Updated 20 March 2026

Emergent capabilities are qualitatively new abilities that arise abruptly in large-scale language models when critical thresholds in size or loss are reached.
Empirical measurements reveal distinct performance jumps and phase transitions using loss thresholds and scaling laws, offering concrete benchmarks for evaluation.
Underlying mechanisms involve sparse Bayesian inference and nonlinear dynamical systems, bridging classical symbolic approaches with subsymbolic neural architectures.

Emergent capabilities in LLMs constitute a striking phenomenon wherein qualitatively new abilities appear abruptly at certain points during model scaling or training, defying prediction by extrapolation from smaller models. These abilities span reasoning, abstraction, analogical inference, coding, autonomous tool use, prosody perception, and more. This entry synthesizes the technical definitions, underlying mechanisms, empirical evidence, measurement frameworks, controversies, and open questions regarding emergent capabilities, referencing foundational and recent literature across scaling laws, information theory, mechanistic interpretability, and complex systems.

1. Formal Definitions and Theoretical Perspectives

"Emergent ability" in LLMs is operationally defined as a capability absent in smaller models but present in larger ones, where performance curves cannot be simply predicted from low-scale results (Wei et al., 2022). Wei et al. (2022) formalize: an ability is emergent if, for model size $N$ , performance on some task is near-random below a threshold $N^*$ , then jumps to a qualitatively new regime at or above $N^*$ , violating predictable scaling trends.

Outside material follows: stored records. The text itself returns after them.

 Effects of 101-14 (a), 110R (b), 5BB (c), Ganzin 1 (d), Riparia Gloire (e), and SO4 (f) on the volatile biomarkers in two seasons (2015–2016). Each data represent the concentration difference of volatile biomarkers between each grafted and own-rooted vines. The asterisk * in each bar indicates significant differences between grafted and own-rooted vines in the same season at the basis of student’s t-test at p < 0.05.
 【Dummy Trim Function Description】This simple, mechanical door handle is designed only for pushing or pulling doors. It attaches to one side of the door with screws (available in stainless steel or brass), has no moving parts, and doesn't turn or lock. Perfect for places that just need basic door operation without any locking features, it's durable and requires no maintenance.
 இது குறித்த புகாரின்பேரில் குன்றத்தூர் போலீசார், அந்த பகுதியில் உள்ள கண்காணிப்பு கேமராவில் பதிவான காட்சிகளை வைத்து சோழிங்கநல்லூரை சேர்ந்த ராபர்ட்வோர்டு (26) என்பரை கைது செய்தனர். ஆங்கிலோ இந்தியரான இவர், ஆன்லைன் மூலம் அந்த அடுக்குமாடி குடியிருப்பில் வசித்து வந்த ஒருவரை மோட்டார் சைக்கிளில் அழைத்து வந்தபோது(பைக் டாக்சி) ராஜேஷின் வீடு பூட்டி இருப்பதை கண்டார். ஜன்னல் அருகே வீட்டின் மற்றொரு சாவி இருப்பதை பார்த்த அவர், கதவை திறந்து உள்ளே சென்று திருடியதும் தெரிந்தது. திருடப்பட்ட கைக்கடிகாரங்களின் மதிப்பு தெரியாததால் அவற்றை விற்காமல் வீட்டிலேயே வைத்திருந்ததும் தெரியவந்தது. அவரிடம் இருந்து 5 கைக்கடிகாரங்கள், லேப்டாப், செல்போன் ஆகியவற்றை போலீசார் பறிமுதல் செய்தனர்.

Recent theory advances this further with a loss-centric definition: an emergent ability is present if, for pre-training loss $L$ and threshold $L^*$ , the task accuracy is at baseline for all $L > L^*$ and increases only when $L \leq L^*$ (Du et al., 2024). This loss-based definition unifies size- and compute-thresholded perspectives, as the loss is itself a deterministic function of model size, data, and compute via scaling laws.

Complex systems views (Krakauer et al.) assert emergence as a phase where a high-dimensional model admits new, lower-dimensional effective theories or representations, such that macroscopic behavior is parsimoniously predicted by these coarse variables, not by the full microscopic detail (Krakauer et al., 10 Jun 2025). Havlík (2025) distinguishes "weak emergence": macro-level properties become accessible only through full-brute force simulation, not analytic reduction from micro-dynamics (Havlík, 6 Aug 2025).

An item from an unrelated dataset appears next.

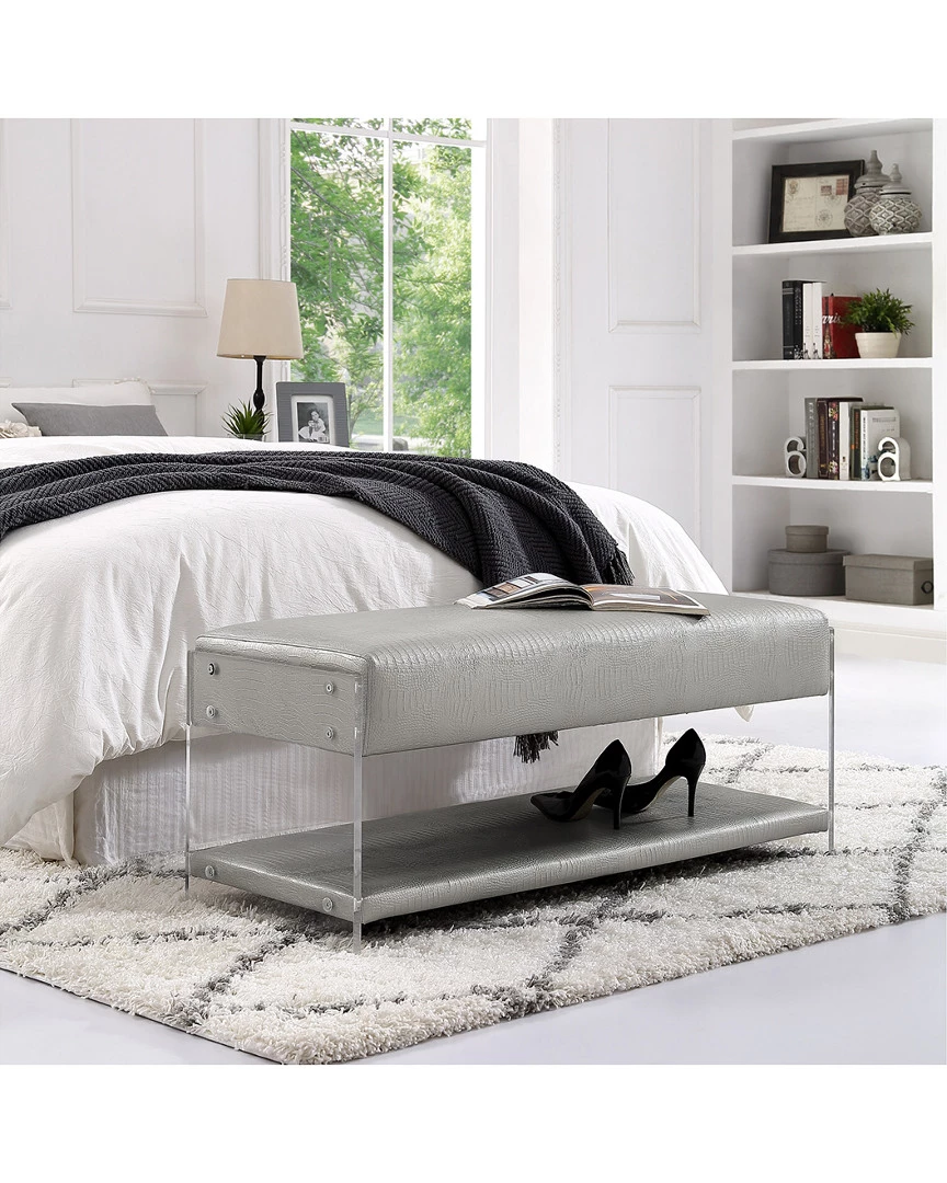 - Design details: Acrylic construction; PU leather; two tiers; high density foam cushioned seat; clear acrylic legs; high density foam; sturdy plywood frame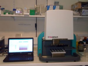 The functional genomics platform is also equipped with several apparatuses for gel/image processing and analysis, notably a Typhoon FLA9500 (GE), 2 Gel Docs (Biorad) and developer for autoradiograms (Curix), as well as a scintillation counter (Hidex) for processing radioactive samples

2. Underlying Mechanisms and Theoretical Accounts

Loss Thresholds and Scaling Laws

Empirical scaling laws (e.g., Kaplan et al.’s power laws) show that cross-entropy loss typically decreases smoothly with model size or compute. However, downstream task accuracy can jump discontinuously at certain critical loss thresholds $L^*$ (Du et al., 2024), which can be mapped via scaling relations to critical sizes $N^*$ . This establishes that emergent abilities are not always a simple function of raw parameter count, but of whether the model’s loss landscape traverses specific basins aligned with the target capability.

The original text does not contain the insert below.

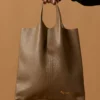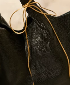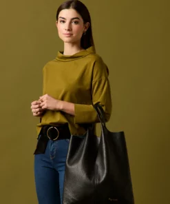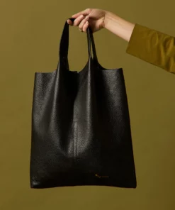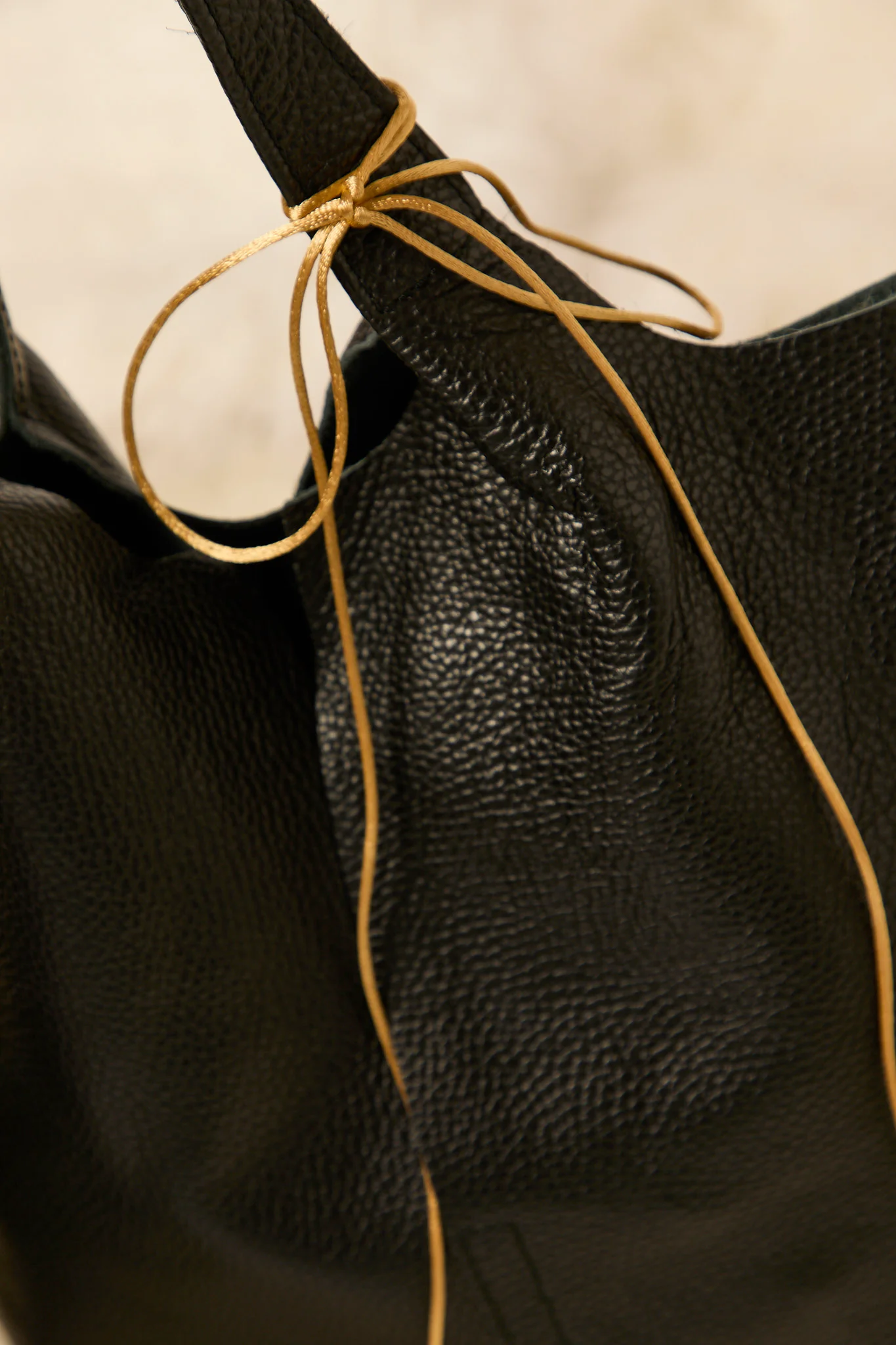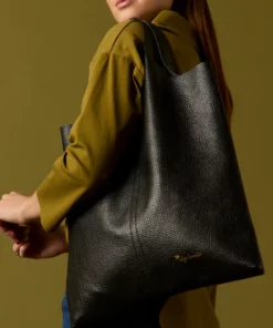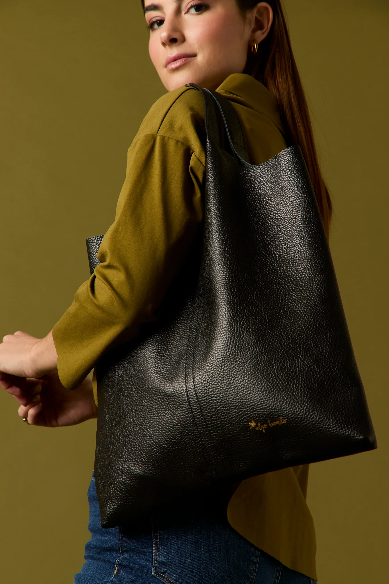 Bolso de piel en color negro. Diseño amplio, asas cortas y aberturas centrales.

Bayesian Inference and Latent Space Sparsity

Latent space theory frames emergent abilities as implicit Bayesian inference over sparse joint distributions of meanings and utterances (Jiang, 2023). When the model approximates the marginal density of text sequences, dense coverage of the sparse joint distribution enables posterior inference of latent intentions, yielding emergent chain-of-thought, in-context learning, and robust instruction following—all arising from density estimation, not handcrafted reasoning modules.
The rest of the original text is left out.